October 2014 /237

La victime à l’étude

Un nouveau certificat universitaire unique en Belgique francophone

Branche à part entière de la criminologie, la victimologie reste cependant une discipline relativement jeune. Ce n’est qu’au lendemain de la Seconde Guerre mondiale que les souffrances des victimes de violence suscitent pour la première fois un réel intérêt du monde médical. On s’intéresse enfin à elles en tant qu’objet social, tout en interrogeant différents aspects liés à leur statut comme les dimensions juridique, sociologique ou psychologique.

Dépasser les clivages

Rapidement, deux grands courants vont se dessiner avec des différences idéologiques flagrantes. D’un côté, les Anglo-Saxons adoptent une approche plus criminologique en questionnant la place de la victime et surtout son implication dans le fait criminel. De l’autre, les Européens et particulièrement les Français, suite notamment à l’émergence des grands mouvements féministes, adoptent une victimologie humanitaire en développant des groupements d’associations militantes d’aide aux victimes et en insistant sur leur réhabilitation et leur guérison.

GarcetSerge« On voyait ainsi s’opposer une démarche plus scientifique, avec ses erreurs et excès, et une démarche plus militante et morale, note Serge Garcet, chargé de cours au département de criminologie et promoteur du certificat en victimologie clinique. Et pendant de nombreuses années, les recherches dans le secteur n’ont pas pu dépasser certains clivages. Or, dans une approche résolument universitaire, on doit pouvoir transcender certaines orientations idéologiques afin d’aborder cette problématique comme un véritable objet d’étude, au même titre que d’autres pans de la criminologie. On doit pouvoir l’approcher dans toutes ses dimensions, qu’elles soient juridiques, psychologiques, médicales, légales, etc. »

Au sens strict, la victimologie s’occupe des victimes de délits ou de crimes, de leur statut psycho-social et de leurs éventuelles relations avec les agresseurs. Mais elle conduit également à explorer d’autres pistes comme ce qui peut prédisposer, par exemple, certaines personnes à devenir des victimes, comme une singularité dans la personnalité, dans des comportements ou des mises en situation de danger potentiel. La victimologie entend également promouvoir le travail en réseau entre les différents intervenants agissant en première ligne : le personnel hospitalier, associatif et judiciaire.

Une formation transversale

Dans cette optique, le département de criminologie de l’ULg lance un nouveau certificat en victimologie clinique. Depuis le mois d’octobre, la formation propose 90 heures de cours théoriques ainsi que 30 heures consacrées à un travail intégratif et transdisciplinaire. Le certificat a pour objectif de développer une maîtrise des connaissances dans les problématiques spécifiques de l’assistance aux victimes. « Il s’agit avant tout de proposer un panel de cours et d’enseignements dans une démarche transversale qui dépasse le caractère parfois trop spécifique des formations, développe Serge Garcet. En s’adressant à un public professionnel dans une approche interdisciplinaire, on peut mieux démontrer que la victime n’est pas un concept neutre et lancer des ponts entre les différents métiers concernés. »

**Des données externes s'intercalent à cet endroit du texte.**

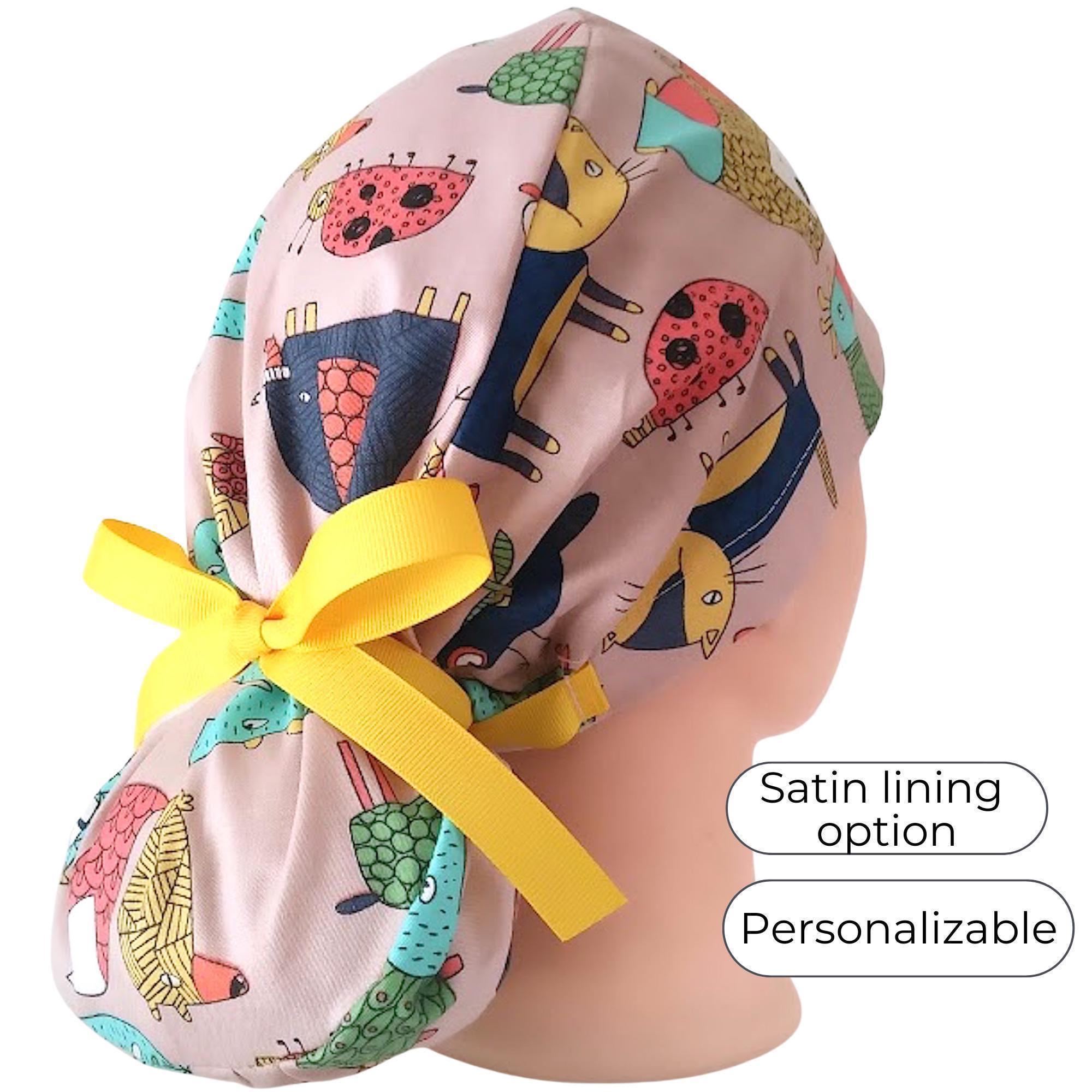 Wildlife Ponytail Scrub Caps with Satin Lining Option -

La société actuelle tend à accorder plus de reconnaissance et de soutien aux victimes d’actes de violence. La législation évolue, en prenant mieux en compte leur place dans les procédures pénales et civiles, non sans parfois susciter quelques débats. Globalement, si la souffrance de la victime est mieux comprise et encadrée, son image sociale demeure complexe. Il est dès lors indispensable que les intervenants soient convenablement formés à la complexité individuelle et sociétale de l’approche victimologique, en maîtrisant les aspects singuliers de la souffrance, du traumatisme et de la reconstruction psychologique et sociale.

Le programme s’adresse aux criminologues, psychologues, avocats, magistrats, policiers, travailleurs sociaux, médecins, titulaires d’un diplôme de l’enseignement universitaire et de l’enseignement supérieur de type court moyennant deux années d’expérience. Les candidats ne répondant pas à ces profils peuvent néanmoins avoir accès àla formation sur base d’une valorisation des acquis de l’expérience de cinq années minimum.